Officials and employees of wall panel maker Nakayama Technology Corporation (NTC) trucked in from Davao del Sur 6,000 packs of relief goods to disaster-stricken residents here on Monday.
“We had visited the devastated village of Andap last Dec. 21 and were struck by how massive the destruction was and how pitiful the condition of the people is, so we decided to return today,” said Akihiro Ushimaru, NTC executive vice president.
In his broken Filipino, Ushimaru led the long line of officers and employees of the Digos City-based company in greeting the evacuees “Maligayang Pasko” as he handed them packs consisting of five kilograms of rice, several canned goods, packs of noodles and a bar of laundry soap to the evacuees. Wide smiles of gratitude were etched in everyone’s face.

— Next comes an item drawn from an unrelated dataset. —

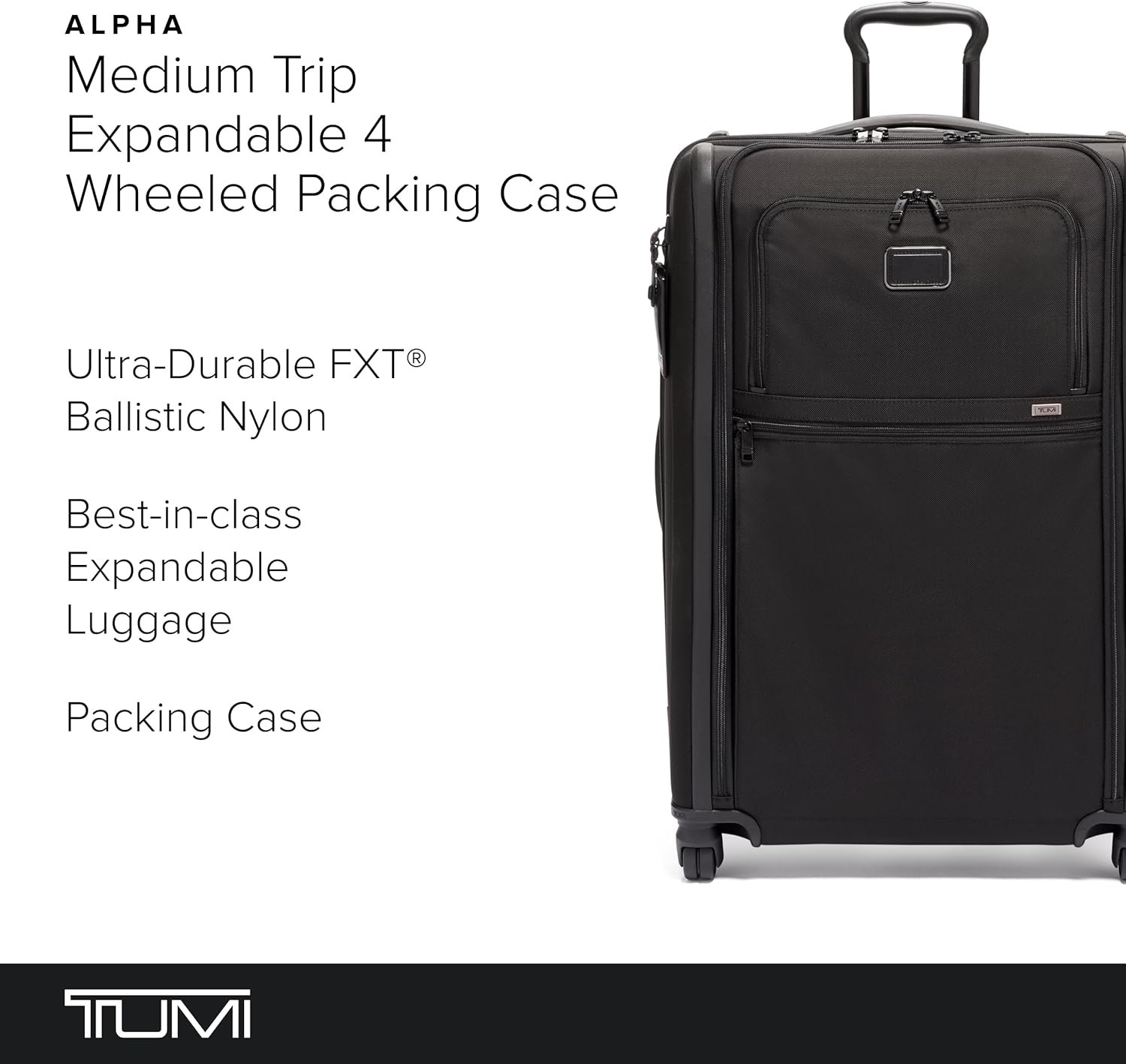 TUMI – Alpha Medium Trip Expandable 4-Wheeled Packing Case – Professional Travel Luggage – TSA Lock Tracer – TUMI Suitcase – Black

Ushimaru said the company joined in the legions of donors to the typhoon victims not only “as our social responsibility but also as a means of turning the favor of Filipino generosity.
The Philippines, he said, was among the first nations to condole with Japan when his country was rocked last year by a magnitude-9.0 quake and a massive tsunami that left over 23,000 of his countrymen dead or missing.

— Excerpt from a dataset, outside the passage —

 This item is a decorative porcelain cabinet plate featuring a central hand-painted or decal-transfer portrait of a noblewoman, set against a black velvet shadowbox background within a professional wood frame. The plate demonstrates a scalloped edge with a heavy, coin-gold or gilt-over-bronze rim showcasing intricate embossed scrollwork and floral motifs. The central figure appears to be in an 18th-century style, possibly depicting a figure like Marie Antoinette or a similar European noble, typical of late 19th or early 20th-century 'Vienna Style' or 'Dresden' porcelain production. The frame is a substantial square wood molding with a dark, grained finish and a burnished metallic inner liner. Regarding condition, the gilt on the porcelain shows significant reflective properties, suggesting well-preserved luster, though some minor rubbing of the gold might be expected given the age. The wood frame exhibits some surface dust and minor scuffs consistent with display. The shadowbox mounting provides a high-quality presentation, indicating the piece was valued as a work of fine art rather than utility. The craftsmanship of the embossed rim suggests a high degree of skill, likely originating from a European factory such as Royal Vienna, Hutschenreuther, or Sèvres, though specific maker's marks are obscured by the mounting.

Two of his employees – Mitsuo Saito and Yokoyama Kazushi — were directly affected by that calamity.
“They also understood what the (typhoon) victims are enduring now,” said the NTC executive.
Aside from handing out relief goods, Ushimaru said his company has been opening its doors to typhoon victims who would like to work for them.

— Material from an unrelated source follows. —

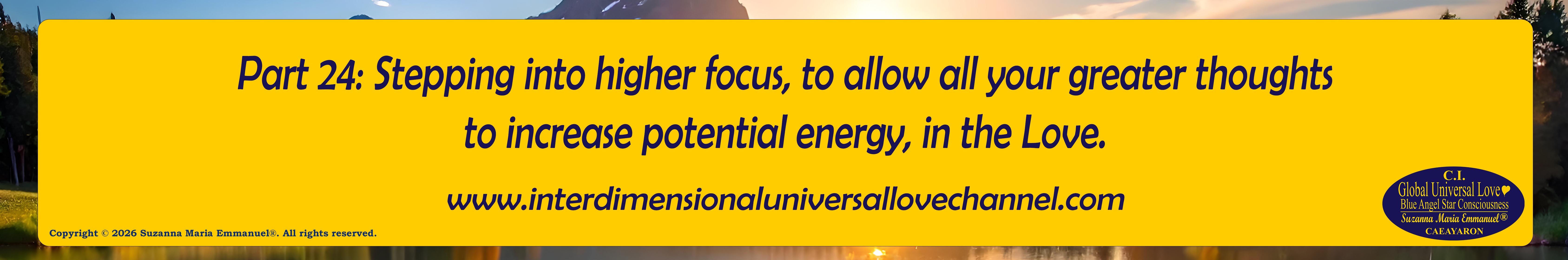 Copyright © 2026 Suzanna Maria Emmanuel®. All rights reserved. All Suzanna Maria Emmanuel's Original Star Intellect Transmissions of Universal Love Star Consciousness are trademarked and they all are copyright protected with a Professional Legal Disclaimer & Indemnity, Copyright Protection, Terms & Conditions and Trademark Clause. Terms & Conditions apply at all times.

Slots for 400 factory workers are open for qualified male residents in Pablo-ravaged areas in Davao Oriental and Compostela Valley.
He said qualified applicants would be given P301 a day wage and could opt to stay at the company’s workers’ dormitory in Digos.
“Providing them food is not enough. They must be given means of livelihood so they can start again,” said Ushimaru, also the president of the Japanese chamber of commerce in Mindanao.
He said he has coordinated with New Bataan Mayor Lorenzo Balbin to act as a sort of “guarantor” in vetting for applicants.
“We already received applications since last week but we encourage more of those who are interested,” Ushimaru told the Philippine Daily Inquirer.
The NTC executive said he would also ask assistance from the Japanese embassy in Manila to provide heavy equipment to help in the clearing and rehabilitation efforts in areas devastated by the typhoon.
The Japanese was also moved by the Filipinos’ way of facing the crisis.
“You can see in their smiles…I believe they are still happy (despite what had happened),” said Ushimaru.